Your output should be the lines below from the one with "CUTIS tilted her" through the one with "你有没有这种感觉啊,看老照片", copied exactly, pictures excluded.

[[ EXCERPTED DATA, beginning ]]

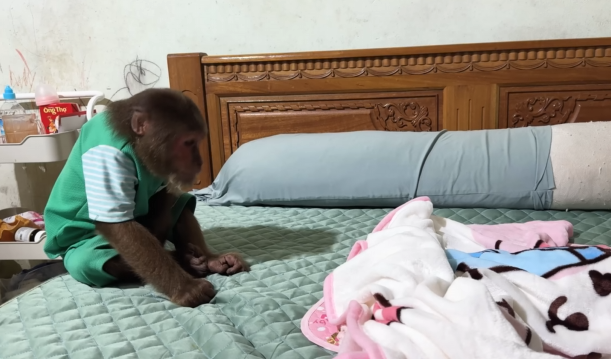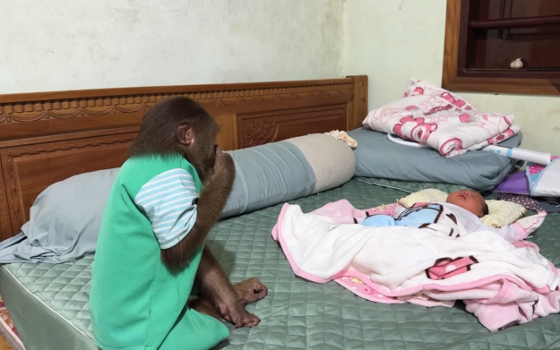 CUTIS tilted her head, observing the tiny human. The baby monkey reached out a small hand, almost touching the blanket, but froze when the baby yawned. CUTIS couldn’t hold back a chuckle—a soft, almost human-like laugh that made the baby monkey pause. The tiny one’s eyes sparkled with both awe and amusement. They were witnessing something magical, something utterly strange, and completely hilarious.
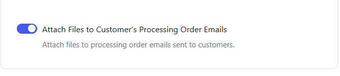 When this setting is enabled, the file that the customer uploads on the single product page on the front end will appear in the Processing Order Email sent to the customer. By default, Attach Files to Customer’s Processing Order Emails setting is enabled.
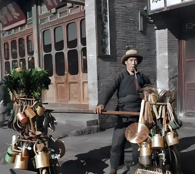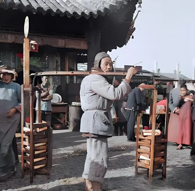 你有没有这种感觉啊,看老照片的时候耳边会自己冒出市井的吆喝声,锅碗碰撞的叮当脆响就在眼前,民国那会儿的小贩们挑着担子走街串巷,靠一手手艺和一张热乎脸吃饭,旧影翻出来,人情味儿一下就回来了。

[[ EXCERPTED DATA, end ]]
[[ EXCERPTED DATA, beginning ]]

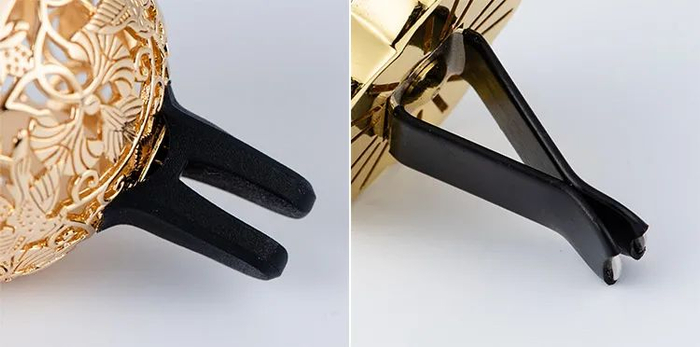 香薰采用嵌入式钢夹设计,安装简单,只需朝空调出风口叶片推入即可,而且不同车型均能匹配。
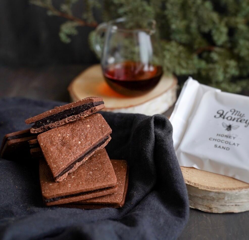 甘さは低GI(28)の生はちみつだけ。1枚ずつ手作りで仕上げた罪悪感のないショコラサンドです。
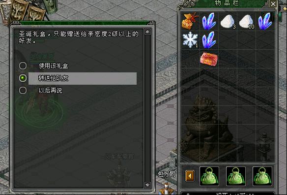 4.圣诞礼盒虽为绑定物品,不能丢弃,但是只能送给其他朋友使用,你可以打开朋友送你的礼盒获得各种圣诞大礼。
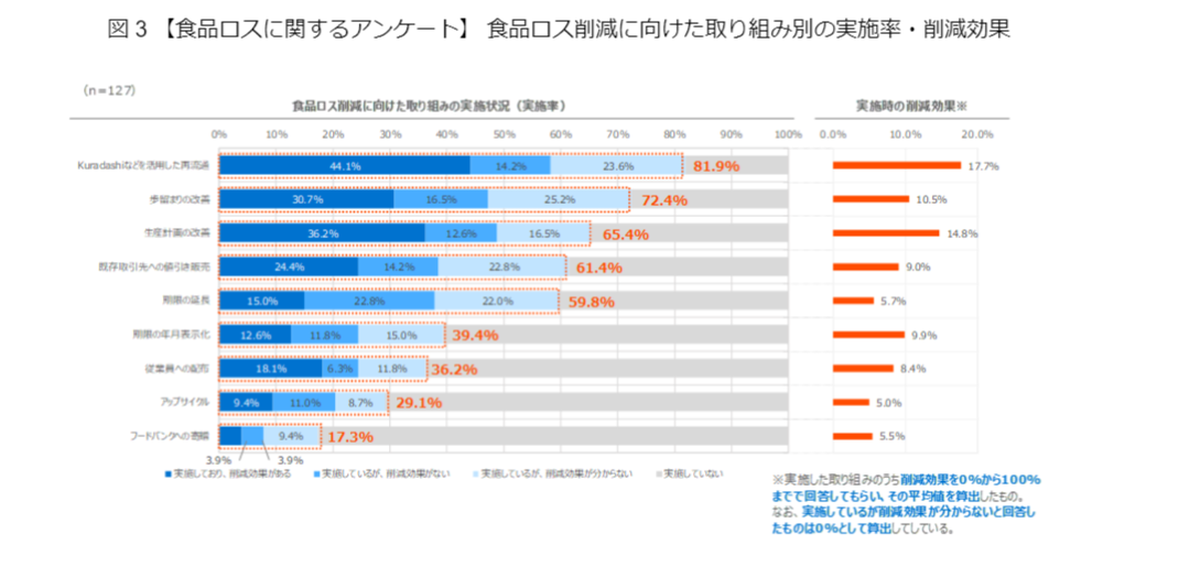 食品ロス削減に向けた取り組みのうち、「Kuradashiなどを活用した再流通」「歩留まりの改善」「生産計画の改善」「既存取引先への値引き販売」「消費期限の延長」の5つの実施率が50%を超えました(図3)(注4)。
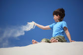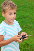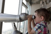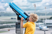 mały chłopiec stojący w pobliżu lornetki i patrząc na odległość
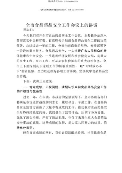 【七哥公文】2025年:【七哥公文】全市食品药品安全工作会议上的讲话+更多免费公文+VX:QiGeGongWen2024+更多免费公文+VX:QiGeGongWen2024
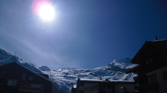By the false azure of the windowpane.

[[ EXCERPTED DATA, end ]]
[[ EXCERPTED DATA, beginning ]]

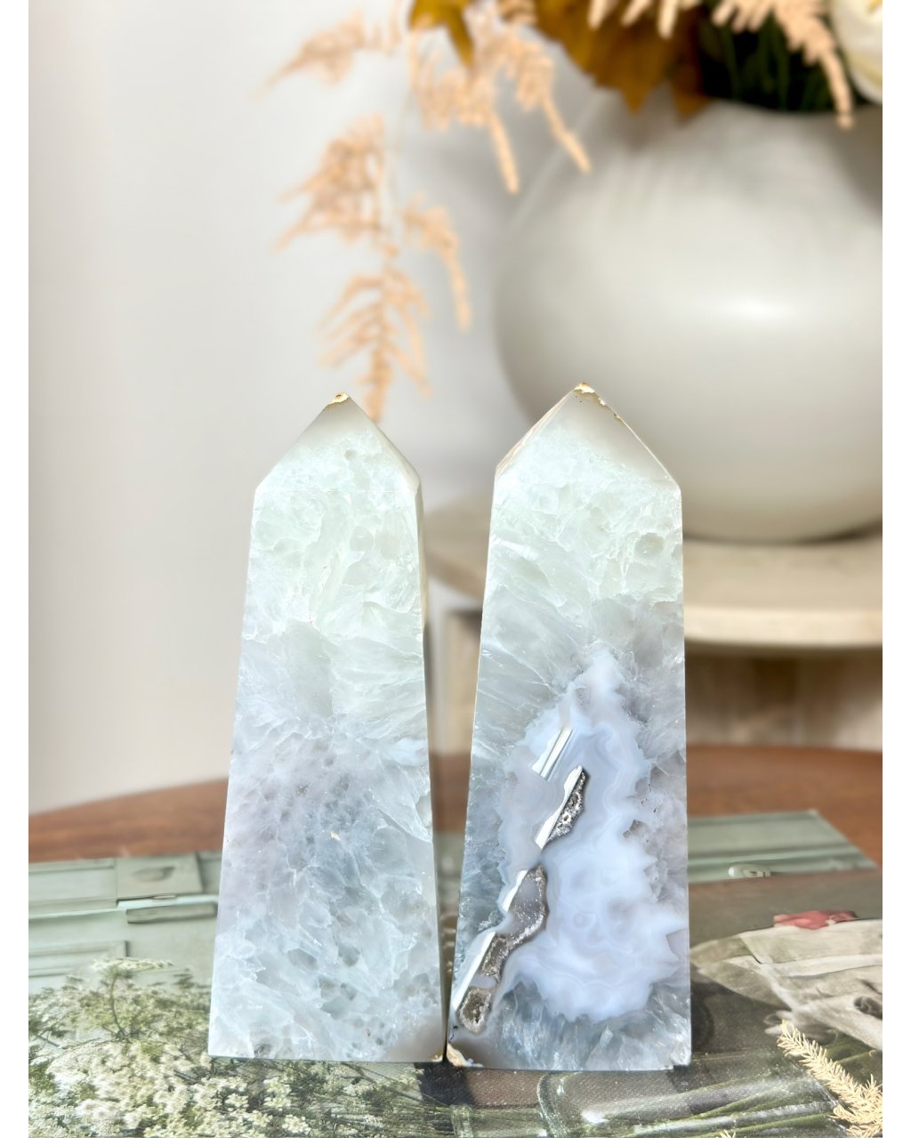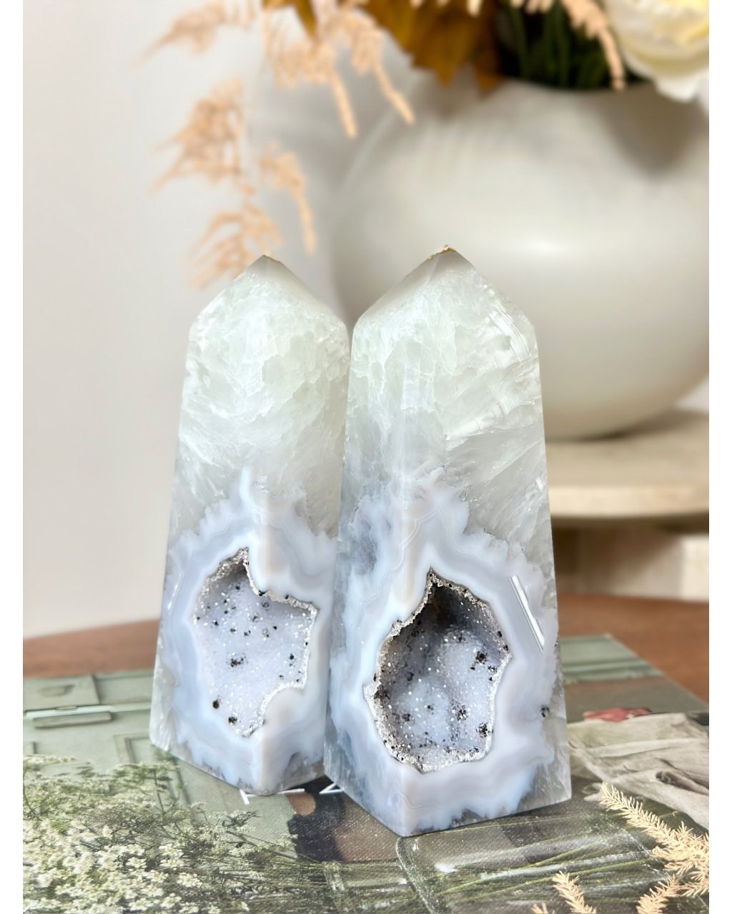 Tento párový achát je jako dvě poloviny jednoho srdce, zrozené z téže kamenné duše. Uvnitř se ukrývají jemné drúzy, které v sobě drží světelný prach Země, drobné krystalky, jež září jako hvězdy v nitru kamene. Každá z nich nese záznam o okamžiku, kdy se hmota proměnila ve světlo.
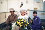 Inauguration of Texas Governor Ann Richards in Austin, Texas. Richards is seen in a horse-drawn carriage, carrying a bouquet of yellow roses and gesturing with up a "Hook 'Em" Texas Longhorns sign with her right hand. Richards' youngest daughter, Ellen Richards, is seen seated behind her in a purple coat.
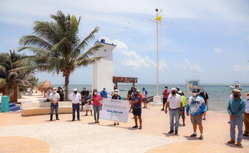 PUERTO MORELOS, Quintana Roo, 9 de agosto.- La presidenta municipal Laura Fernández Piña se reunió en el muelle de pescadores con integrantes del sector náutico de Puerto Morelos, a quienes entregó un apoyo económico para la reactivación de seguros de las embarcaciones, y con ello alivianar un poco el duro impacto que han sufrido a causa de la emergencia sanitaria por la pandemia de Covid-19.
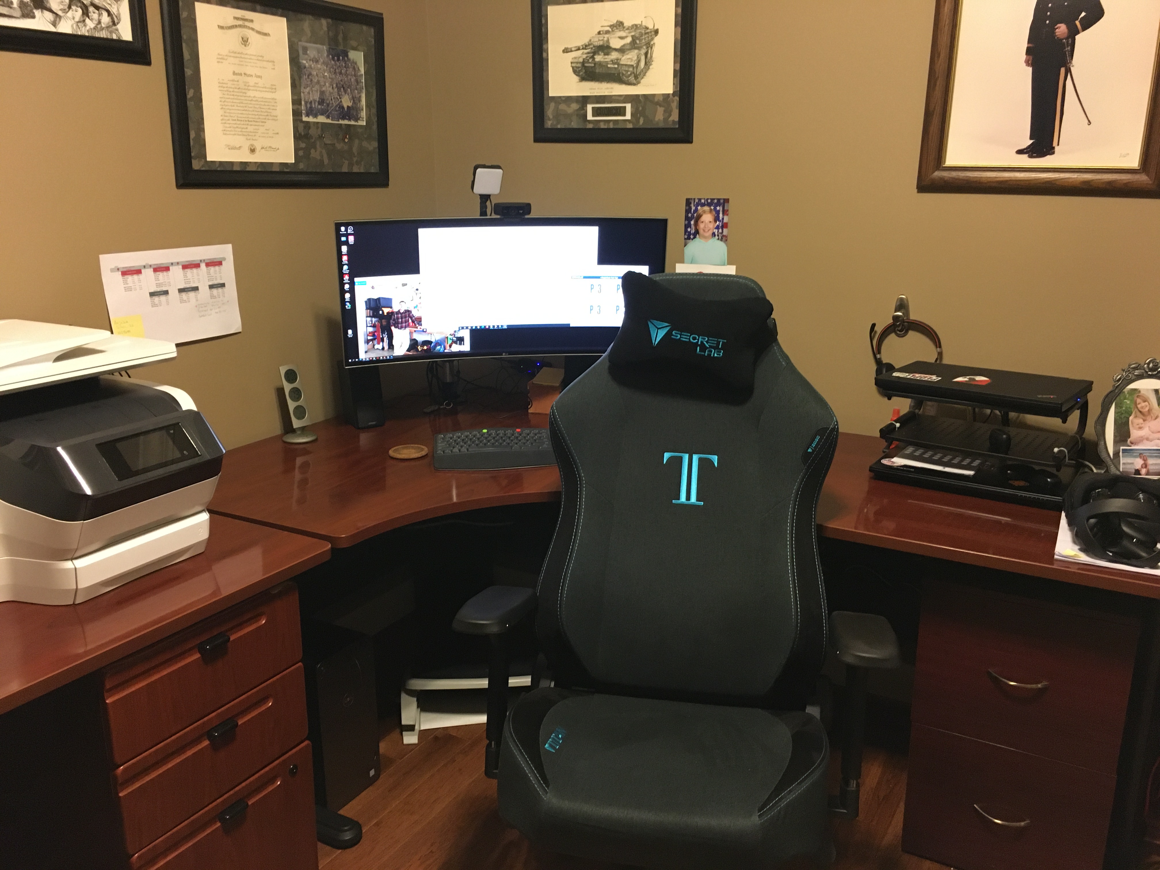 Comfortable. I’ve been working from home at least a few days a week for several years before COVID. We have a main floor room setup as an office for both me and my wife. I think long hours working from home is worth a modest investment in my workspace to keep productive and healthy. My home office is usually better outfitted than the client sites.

[[ EXCERPTED DATA, end ]]

• **RESPONSE TO THIS TASK**:
 CUTIS tilted her head, observing the tiny human. The baby monkey reached out a small hand, almost touching the blanket, but froze when the baby yawned. CUTIS couldn’t hold back a chuckle—a soft, almost human-like laugh that made the baby monkey pause. The tiny one’s eyes sparkled with both awe and amusement. They were witnessing something magical, something utterly strange, and completely hilarious.
 When this setting is enabled, the file that the customer uploads on the single product page on the front end will appear in the Processing Order Email sent to the customer. By default, Attach Files to Customer’s Processing Order Emails setting is enabled.
 你有没有这种感觉啊,看老照片的时候耳边会自己冒出市井的吆喝声,锅碗碰撞的叮当脆响就在眼前,民国那会儿的小贩们挑着担子走街串巷,靠一手手艺和一张热乎脸吃饭,旧影翻出来,人情味儿一下就回来了。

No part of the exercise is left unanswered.